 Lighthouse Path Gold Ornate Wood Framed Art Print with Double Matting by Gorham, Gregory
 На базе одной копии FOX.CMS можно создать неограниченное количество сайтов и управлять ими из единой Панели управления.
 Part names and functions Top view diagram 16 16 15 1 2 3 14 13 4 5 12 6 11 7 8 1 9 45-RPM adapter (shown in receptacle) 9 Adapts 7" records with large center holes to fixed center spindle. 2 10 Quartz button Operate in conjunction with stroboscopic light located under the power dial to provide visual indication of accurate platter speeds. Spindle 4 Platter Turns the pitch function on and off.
---
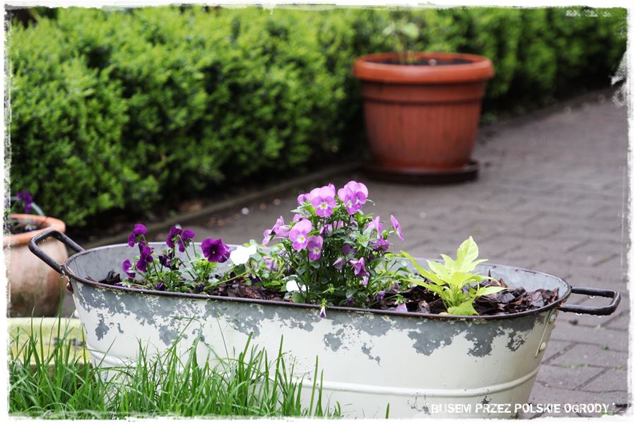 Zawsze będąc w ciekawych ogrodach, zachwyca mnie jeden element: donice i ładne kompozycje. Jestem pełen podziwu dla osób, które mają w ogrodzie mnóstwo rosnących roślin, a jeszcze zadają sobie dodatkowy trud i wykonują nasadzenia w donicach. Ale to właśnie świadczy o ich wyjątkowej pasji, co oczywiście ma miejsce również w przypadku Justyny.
---
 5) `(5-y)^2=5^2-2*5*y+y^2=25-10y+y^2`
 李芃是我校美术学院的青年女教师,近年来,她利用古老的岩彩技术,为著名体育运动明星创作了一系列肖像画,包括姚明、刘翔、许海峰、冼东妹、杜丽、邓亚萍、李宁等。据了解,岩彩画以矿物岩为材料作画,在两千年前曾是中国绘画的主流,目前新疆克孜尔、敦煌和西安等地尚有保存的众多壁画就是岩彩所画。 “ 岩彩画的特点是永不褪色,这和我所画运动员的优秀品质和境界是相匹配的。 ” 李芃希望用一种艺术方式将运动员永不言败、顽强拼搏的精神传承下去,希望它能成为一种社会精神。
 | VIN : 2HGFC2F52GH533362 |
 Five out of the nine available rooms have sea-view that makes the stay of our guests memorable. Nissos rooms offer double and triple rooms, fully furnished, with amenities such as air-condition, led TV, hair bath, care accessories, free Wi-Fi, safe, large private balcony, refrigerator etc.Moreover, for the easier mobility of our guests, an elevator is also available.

> [Exercise] Among the records above, how many lines carry the string "view"? Reply with the number alone.

> [Exercise result] 2